Jennifer Gardy, the deputy director of surveillance, data, and epidemiology at the Bill and Melinda Gates Foundation, thinks SISS-Geo’s crowdsourcing approach should be emulated globally. “I’d love to see a future where everyone has a role to play in spotting the next outbreak, and where this sort of digital intelligence was much better integrated into routine public health surveillance,” she says. In a country with one of the worst records in combating COVID, the app is a bright spot in the beleaguered public health system.
The crowdsourcing approach also offers significant economic advantages, as the labor costs to monitor wildlife health on a mass scale are monstrously prohibitive. The app’s makers continue to tweak the system’s image-recognition tech and algorithms to better filter incoming data (so far it can’t identify species on its own from photographs, for example).
Such changes will help field techs better prioritize the cases they investigate—an important refinement, as finding the specimens in question can be quite a slog. Haroldo Greca, Jr., a veterinarian with the Zoonoses Surveillance Unit of the São José dos Pinhais municipality in the state of Paraná, is one of the people who does the dirty work of testing dead monkeys. He recalls one particularly disastrous trek through unforgiving terrain with local farmers who had better things to do than act as his guide. It got dark and they proceeded with flashlights down a steep ravine to the site of the carcass. “I was covered in mud by the time we got there,” he says.
It’s also heartbreaking work. One alert led Greca to an entire family of dead howler monkeys. Another turned up a dead mother with its baby still clinging to it. “They suffer when they die—the ground around them is beaten up and they have an expression of pain,” he says. “They’re animals that are very similar to us, so it’s very difficult to see.”

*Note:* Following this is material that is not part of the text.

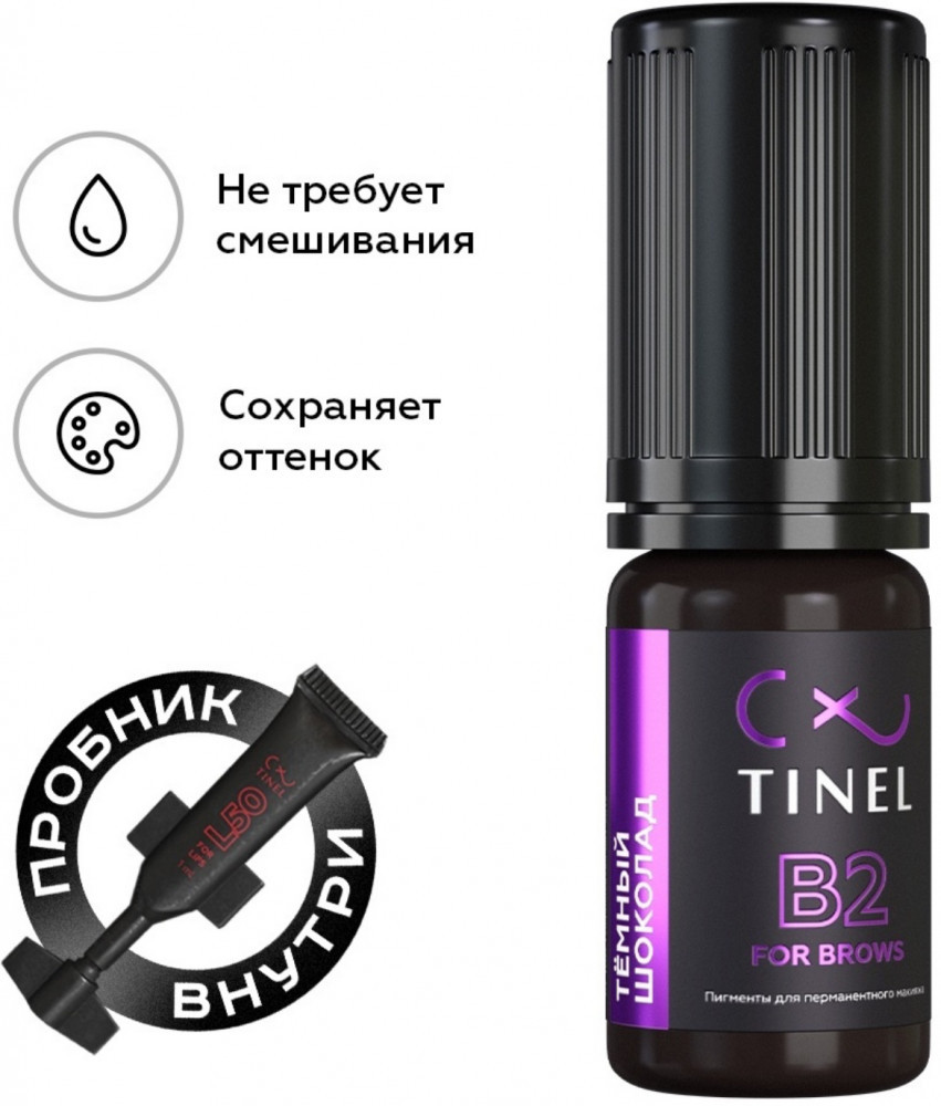 Tinel Пигмент для перманентного макияжа бровей, оттенок B2 Тёмный шоколад

For Brazil’s citizen scientists, however, the work of monitoring wildlife is supposed to be fun. The app interface includes a map of the country showing the location and photos of every entry, so users can zoom into the neighborhood where they live or the trail they’re hiking and see the creatures others have observed in the area. This gives it a game-like quality, which da Silva takes to a competitive level, posting obsessively on a daily basis. Each year, the Oswaldo Cruz Foundation gives an award to the top users, which has given da Silva reason to brag: “I’m number two in the country!” But the more players in the game, the more we all win, he adds. “I’m always teaching other people about the platform.”